## Your assignment
Range to copy from the entries below: the line containing "14k Alternating Marquise" through the line containing "次のレシピでは、小麦粉とベー", inclusive. Retype only those lines, exactly, without any images.

## Records for this task
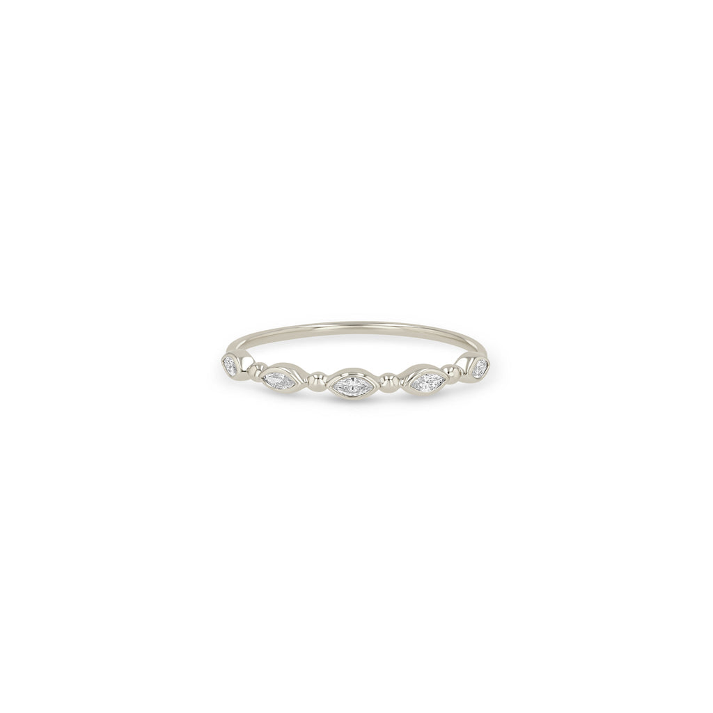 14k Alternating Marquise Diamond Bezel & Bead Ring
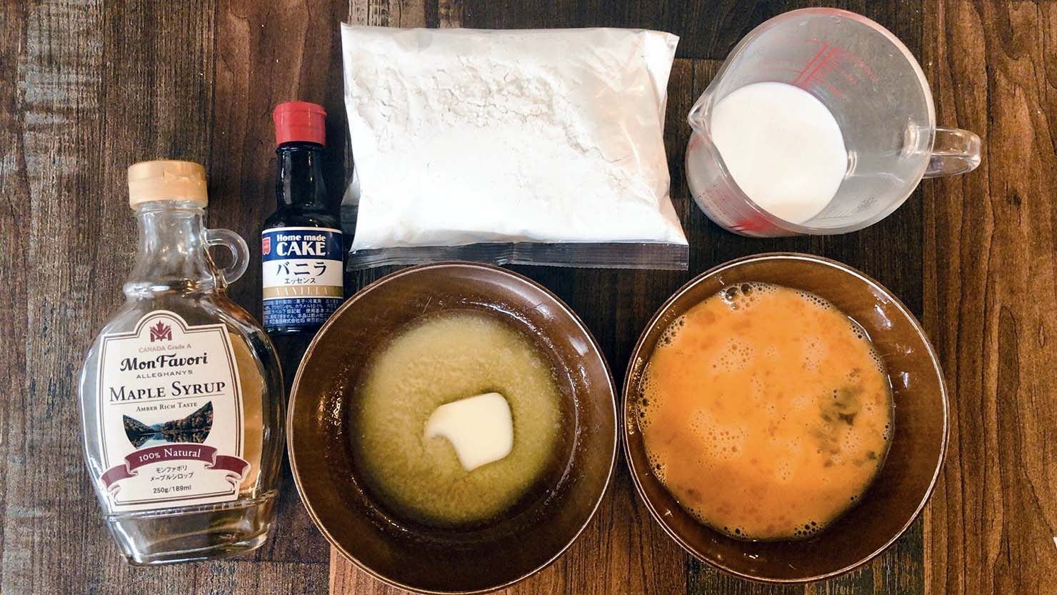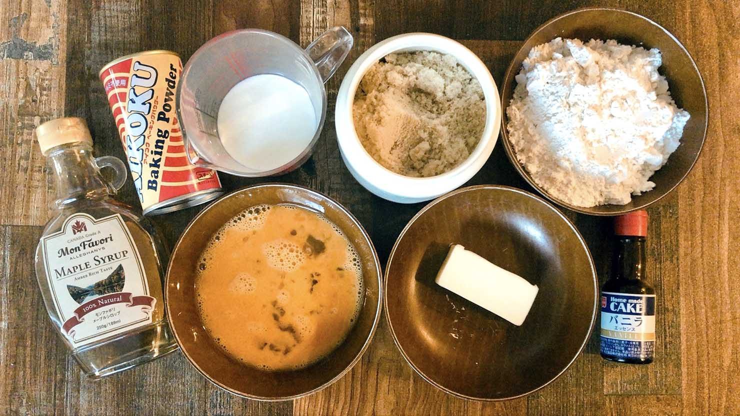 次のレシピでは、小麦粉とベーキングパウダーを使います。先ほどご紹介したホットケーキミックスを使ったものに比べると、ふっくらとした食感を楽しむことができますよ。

...

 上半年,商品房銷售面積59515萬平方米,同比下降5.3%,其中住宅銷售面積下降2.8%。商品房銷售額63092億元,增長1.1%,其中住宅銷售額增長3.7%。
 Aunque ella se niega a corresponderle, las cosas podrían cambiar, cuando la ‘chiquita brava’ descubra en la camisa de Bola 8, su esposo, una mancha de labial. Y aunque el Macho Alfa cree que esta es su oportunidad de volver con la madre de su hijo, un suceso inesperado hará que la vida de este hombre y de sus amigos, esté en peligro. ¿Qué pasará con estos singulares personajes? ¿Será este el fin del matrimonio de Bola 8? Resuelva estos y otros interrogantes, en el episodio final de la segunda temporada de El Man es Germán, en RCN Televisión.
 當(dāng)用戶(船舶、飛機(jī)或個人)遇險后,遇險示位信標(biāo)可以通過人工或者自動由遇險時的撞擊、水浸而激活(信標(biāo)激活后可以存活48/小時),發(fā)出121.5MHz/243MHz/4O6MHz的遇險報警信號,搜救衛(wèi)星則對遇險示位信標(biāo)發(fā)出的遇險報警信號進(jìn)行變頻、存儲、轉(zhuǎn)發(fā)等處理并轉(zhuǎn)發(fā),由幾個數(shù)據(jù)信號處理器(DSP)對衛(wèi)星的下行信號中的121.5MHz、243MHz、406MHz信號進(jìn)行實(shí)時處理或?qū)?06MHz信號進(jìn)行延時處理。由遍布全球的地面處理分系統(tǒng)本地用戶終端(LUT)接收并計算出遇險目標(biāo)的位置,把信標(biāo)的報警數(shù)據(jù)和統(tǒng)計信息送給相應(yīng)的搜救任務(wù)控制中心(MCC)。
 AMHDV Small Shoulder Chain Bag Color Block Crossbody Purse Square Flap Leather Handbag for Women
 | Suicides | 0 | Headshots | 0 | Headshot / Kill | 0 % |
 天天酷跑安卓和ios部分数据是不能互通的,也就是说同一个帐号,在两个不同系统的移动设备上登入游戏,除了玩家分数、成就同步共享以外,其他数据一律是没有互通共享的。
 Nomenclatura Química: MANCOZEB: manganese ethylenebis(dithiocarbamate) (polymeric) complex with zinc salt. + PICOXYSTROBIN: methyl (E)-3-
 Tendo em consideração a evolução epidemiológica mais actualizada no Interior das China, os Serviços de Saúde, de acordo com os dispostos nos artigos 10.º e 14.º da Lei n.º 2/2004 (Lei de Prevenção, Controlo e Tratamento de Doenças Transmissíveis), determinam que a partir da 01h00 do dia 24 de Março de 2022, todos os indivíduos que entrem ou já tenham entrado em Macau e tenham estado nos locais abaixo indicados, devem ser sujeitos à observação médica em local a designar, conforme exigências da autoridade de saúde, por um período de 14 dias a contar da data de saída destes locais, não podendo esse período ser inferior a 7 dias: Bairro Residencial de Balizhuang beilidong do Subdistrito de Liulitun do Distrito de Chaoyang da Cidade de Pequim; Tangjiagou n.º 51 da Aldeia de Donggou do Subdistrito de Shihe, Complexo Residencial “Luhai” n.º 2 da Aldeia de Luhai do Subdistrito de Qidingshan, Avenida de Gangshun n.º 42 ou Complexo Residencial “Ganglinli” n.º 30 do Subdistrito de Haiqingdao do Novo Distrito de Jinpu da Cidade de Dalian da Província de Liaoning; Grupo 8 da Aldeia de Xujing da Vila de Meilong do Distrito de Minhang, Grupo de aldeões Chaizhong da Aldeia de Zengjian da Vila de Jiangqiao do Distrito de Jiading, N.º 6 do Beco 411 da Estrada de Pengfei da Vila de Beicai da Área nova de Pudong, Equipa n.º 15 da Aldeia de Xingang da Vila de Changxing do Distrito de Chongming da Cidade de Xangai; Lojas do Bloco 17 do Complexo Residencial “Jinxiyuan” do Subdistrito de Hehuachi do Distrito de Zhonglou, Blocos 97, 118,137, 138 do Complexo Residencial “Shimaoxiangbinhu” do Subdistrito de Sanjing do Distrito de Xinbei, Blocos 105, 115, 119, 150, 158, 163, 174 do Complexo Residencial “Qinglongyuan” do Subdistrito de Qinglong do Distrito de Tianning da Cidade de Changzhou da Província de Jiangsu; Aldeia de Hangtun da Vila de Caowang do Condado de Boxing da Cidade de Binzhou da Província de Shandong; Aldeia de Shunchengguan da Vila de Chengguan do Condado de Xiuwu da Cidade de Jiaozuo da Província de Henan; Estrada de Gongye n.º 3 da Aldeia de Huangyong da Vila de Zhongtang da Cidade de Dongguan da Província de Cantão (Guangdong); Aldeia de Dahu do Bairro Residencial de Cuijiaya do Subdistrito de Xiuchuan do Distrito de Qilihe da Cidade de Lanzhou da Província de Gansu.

## Exercise solution
 14k Alternating Marquise Diamond Bezel & Bead Ring
 次のレシピでは、小麦粉とベーキングパウダーを使います。先ほどご紹介したホットケーキミックスを使ったものに比べると、ふっくらとした食感を楽しむことができますよ。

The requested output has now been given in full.